A single infusion was also associated with equivalent, if not greater, PB lymphopenia, which is commonly observed following both pathogenic and therapeutic virus infection ¹¹ , ¹² , ¹³ and is associated with immune cell activation and migration of immune cells away from the vascular compartment, likely to sites of virus infection in tumour, where an adaptive response can be initiated. The fact that multiple virus infusions had no marked enhancement over a single dose likely represents immune cell refractoriness following the initial stimulation by the first dose, a previously observed phenomenon. ³⁴ Likewise, repeated dosing regimens have been associated with diminishing results with each successive OV treatment. ³⁵ In fact, there are no preclinical or clinical studies which clearly demonstrate the superiority of repeat administrations over a single dose within each cycle of treatment. ³⁵ Utilising complementary in vivo studies, we show, in parallel to the evidence that a single dose is immunologically equivalent to multiple doses in patients, that unfavourable responses are associated with repeated infusions; a greater influx of proinflammatory T‐cells into the liver following multiple reovirus doses which, in the context of HCC, may have damaging off‐target effects.

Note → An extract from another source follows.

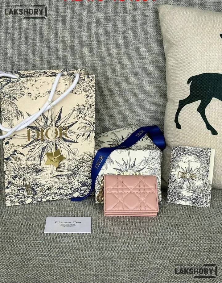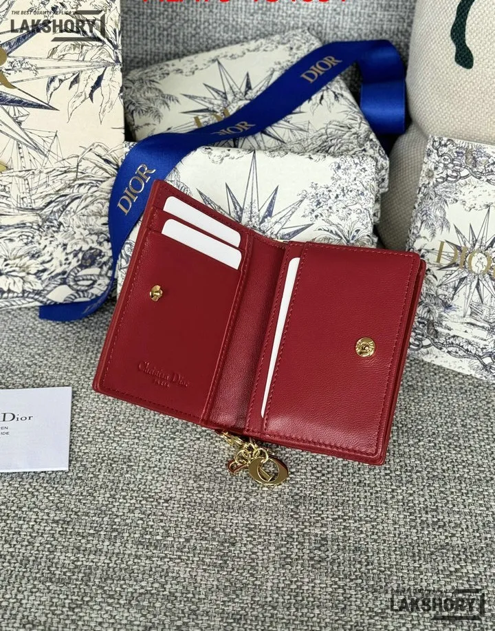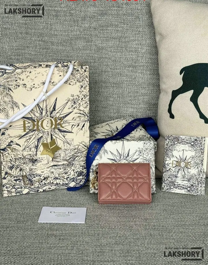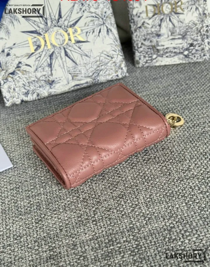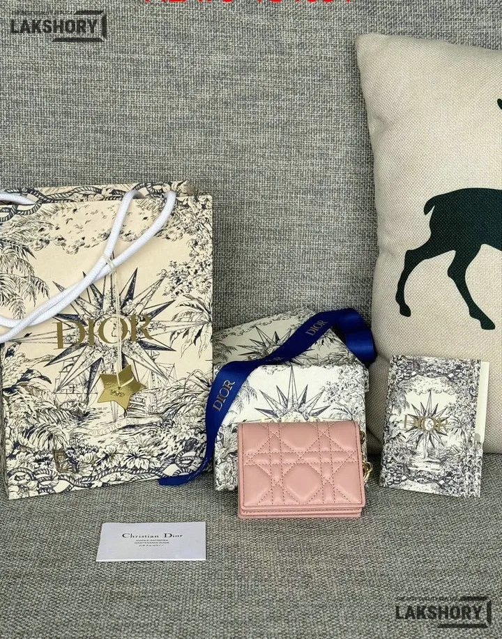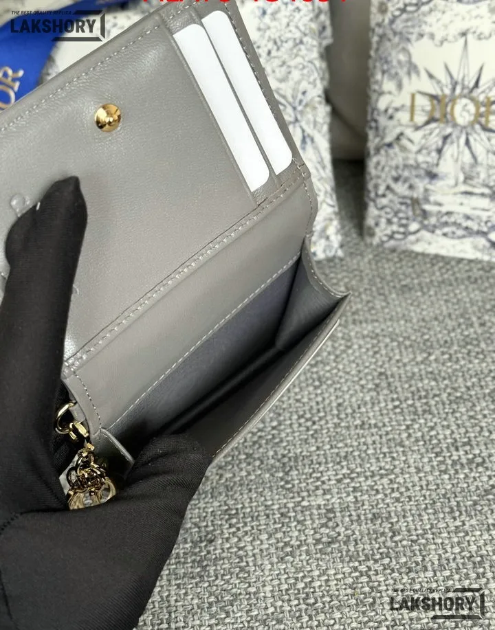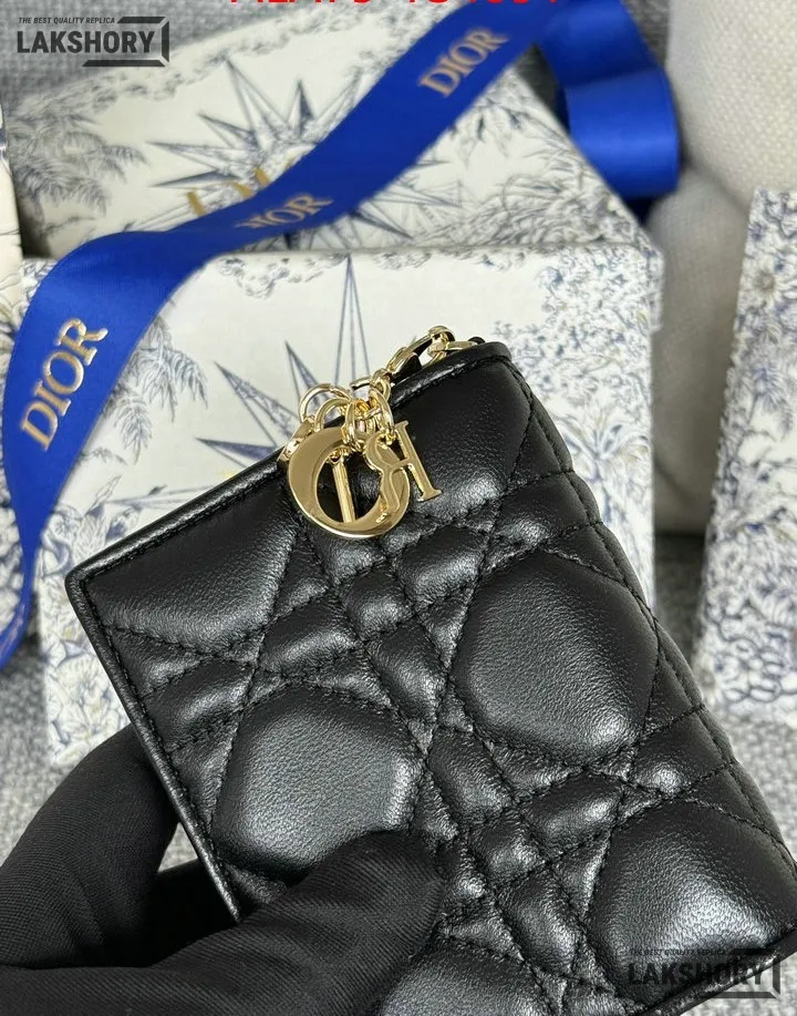 Dior 1:1 Mirror Replica Lambskin Cannage Mini Lady Dior Wallet 10.5CM/4.1IN

Almost all HCC patients have underlying liver fibrosis or cirrhosis ³⁶ ; the most common aetiologies being non‐alcoholic fatty liver disease, non‐alcoholic steatohepatitis, autoimmune hepatitis, metabolic syndrome, viral hepatitis and alcohol consumption, ³⁷ all of which are strong risk factors for HCC. To assess the impact of liver health on the ability to tolerate reovirus, we used two models of chronic liver damage: HFD and multiple injections of CCl₄ to induce liver fibrosis. In both settings and in keeping with our clinical trial data, the activation of T‐cells by a single dose was comparable to multiple doses of reovirus. However, in general, mice subjected to liver damage, particularly HFD, had abnormal amounts of liver enzymes, which were further exacerbated by reovirus administration. Most strikingly, AST was increased up to five times the healthy range when reovirus was given in multiple doses to HFD mice in comparison to a single dose or PBS. Patients with greater than five times the upper limit of normal AST are considered to have moderate hepatocellular injury. ³⁸ Given that reovirus was cleared from murine livers within a short time, the fact that deleterious effects were still being detected suggests a prolonged impact on damaged background livers long after any therapeutic benefit, with additional doses posing a greater risk. Taken together, these studies highlight the need to carefully balance the potential damaging effects of multiple doses of reovirus with beneficial clinical outcome in the context of HCC.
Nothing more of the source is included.